The invention disclosed and claimed herein deals with compositions that control the formation of crystalline hydrates in various systems, most notably, gas and oil transmission pipeline systems. The compositions are comprised of carbon dioxide sorbing polymers that also have the capability of driving the formation of hydrate crystals into the polymeric matrix.
Crystalline hydrates can form in oil and gas pipelines carrying oil and gas if the chemical composition of the produced fluids includes water, either or both of ethane or methane with carbon dioxide and sometimes, other hydrocarbon gases and/or sulfur dioxide. In addition to the chemical composition, there is a need for a driving force for such hydrate nucleation involving the physical and environmental conditions.
The fluid composition generally is at an elevated temperature, typically above 70° C. and it will cool to a lower temperature, typically below 16° C., whereby the gases and water become super saturated and crystallize from solution at the lower temperature. The pipeline linking the sub-sea oil producing well to the processing platform is the crucial environment for the formation of the hydrate crystals. The surrounding seawater with temperatures that are about 4° C. to about 6° C. cools the pipeline that is carrying the produced fluids and obviously, the oil or gas contained therein.
Many years ago, when fluids were produced directly onto the production platform and arrived there at high temperatures, hydrates did not occur since the temperature of hydrate formation was typically between 15° C. and 22° C. When the fluids arrived on board the processing plant at 25° C. to 40° C. the hydrate formation was not an issue. But, as oilfields became larger and more diverse and the use of sub-sea producing wells became the normal practice, fluids produced therefrom would be cooled by the 4° C. to 6° C. seawater around the sub-sea pipeline. Such situations were optimal for crystal hydrate formation.
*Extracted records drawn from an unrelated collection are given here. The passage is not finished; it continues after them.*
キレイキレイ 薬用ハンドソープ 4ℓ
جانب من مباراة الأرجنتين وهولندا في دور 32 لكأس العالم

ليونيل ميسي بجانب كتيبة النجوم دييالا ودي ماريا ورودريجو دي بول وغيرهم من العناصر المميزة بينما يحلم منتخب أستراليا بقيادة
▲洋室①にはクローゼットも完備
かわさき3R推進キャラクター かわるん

One of the main reasons for dealing with crystalline hydrates at all stems from the fact that the hydrates are mixtures of water, methane, ethane, carbon dioxide and sulfur dioxides, and these materials combine under ideal pressure and temperature conditions. These solid hydrates, once formed, will grow in size to eventually plug flow lines, and in some instances, once formed, travel through the pipelines at such velocities that they become dangerous projectiles having high potential to puncture holes in the pipe line.
Thus, the formation of hydrates is a costly and potentially environmental challenge for the oil and gas industry. As global offshore deepwater mining of oil and gas increases, the challenges of preventing or diminishing the formation of hydrates remains the industry technical challenge.
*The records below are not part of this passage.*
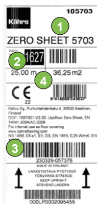
Beispiel Etikett auf der Bahnenware Zero Sheet mit (1) Farb-, (2) Chargen- und (3) Rollen-Nr., (4) Rollenlänge und Menge.

Bei der Verlegung von Bahnen und Fliesen in einem Raum, dürfen nur chargengleiche Waren aus einer Fertigung verlegt werden. Bei der Bestellung ist darauf zu achten, dass Chargen und farbgleiches Material bestellt werden. Leichte Farbverläufe sind innerhalb einer Charge jedoch möglich.
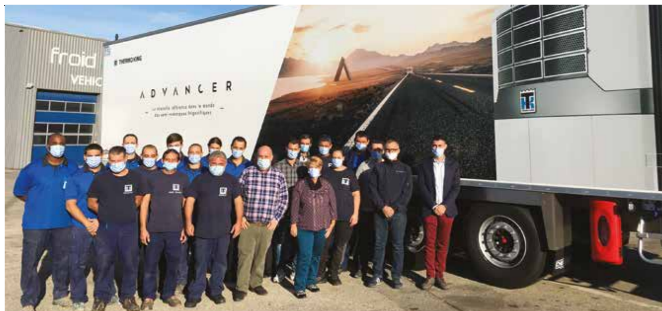
L'agence Froid & Services Méditerranée de Vitrolles, vitrine technologique de Thermo King en mode Covid.
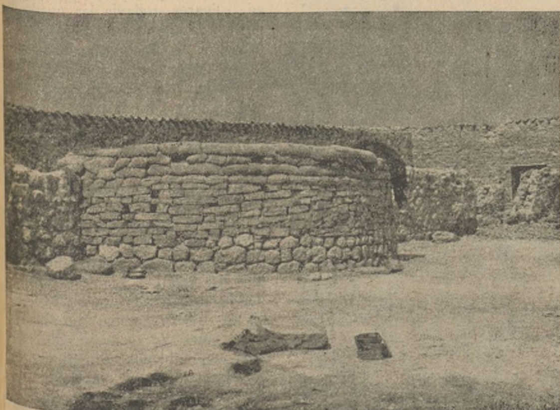
Fuerza y resistencia dan las fortificaciones. Vidas se ahorran con las fortificaciones. Elevan la moral de nuestros soldados las fortificaciones.

Esta es la línea de conducta de todo nuestro Partido.
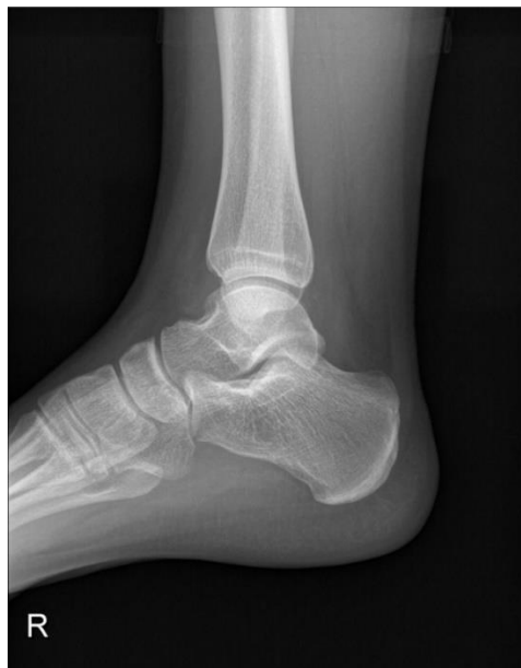
Slika 2.6.2.4 RTG snimka; postranični prikaz gležnja

Nakon tri mjeseca od posljednje kontrole liječnika i dalje je prisutna bolnost. Pacijentica se zbog toga ponovno javlja liječniku. Liječnik ponavlja RTG snimku na kojoj je vidljiva mineralna sjenka oko 8x3 mm (Slika 2.6.2.4, 2.6.2.5) uz vršak fibularnog maleola. Pacijentica navodi izrazitu bolnost kod palpacije vrška maleola te dorzalnu fleksiju izvodi uz prisutnost boli i u smanjenom opsegu pokreta. Liječnik obzirom na simptome te dob traži dodatnu dijagnostičku pretragu, snimku magnetne rezonance desnog gležnja. Također, nastavlja se i fizikalna terapija. Fizijatar propisuje 15 terapija. Na terapijama se provodi medicinska gimnastika, laser, magnetoterapija te izmjenične kupke.

Prior art methods for controlling the formation of hydrate crystals in pipelines include the continuous injection of methanol, ethanol, or glycol; offshore dehydration of the gas so produced; warming fluids under normal flow conditions through insulation; heating flow lines, and using low doses of chemical inhibitors for threshold hydrate inhibition, kinetic inhibitor polymers, surfactants and emulsions, and anti-agglomerate polymers and surfactants.
Of these, methanol, ethanol and glycol are currently practiced but the environmental and financial costs are high. Methanol and glycols are added to pipeline fluids at about 30 to 50% by weight of water co-produced. The costs are high but the logistics for supply and storage offshore and more importantly pumping to sub-sea producer wells are significant and cumbersome.
Offshore dehydration is not feasible for production from sub-sea producing wells and the strategic option for warming the pipeline by heated water or other fluids from the processing platform requires double wall pipeline, that is both expensive and logistically, a difficult operational process. Heating the flow lines when sub-sea is also expensive and logistically problematic and flawed with respect to reliability. The low dose chemical inhibitor is the new area and is currently under examination by a range of chemical suppliers trying to develop low cost and high performance inhibitors
The threshold and kinetic inhibitors function to prevent the growth of hydrate crystals and act essentially like salt acts to depress the freezing point of water. However, the tolerance is not as great as the industry requires and they fail in the majority of demanding situations. These are typically surfactants and polymers such as polyvinyl pyrrolidone or polyvinyl pyridine, or polyvinyl caprolactum.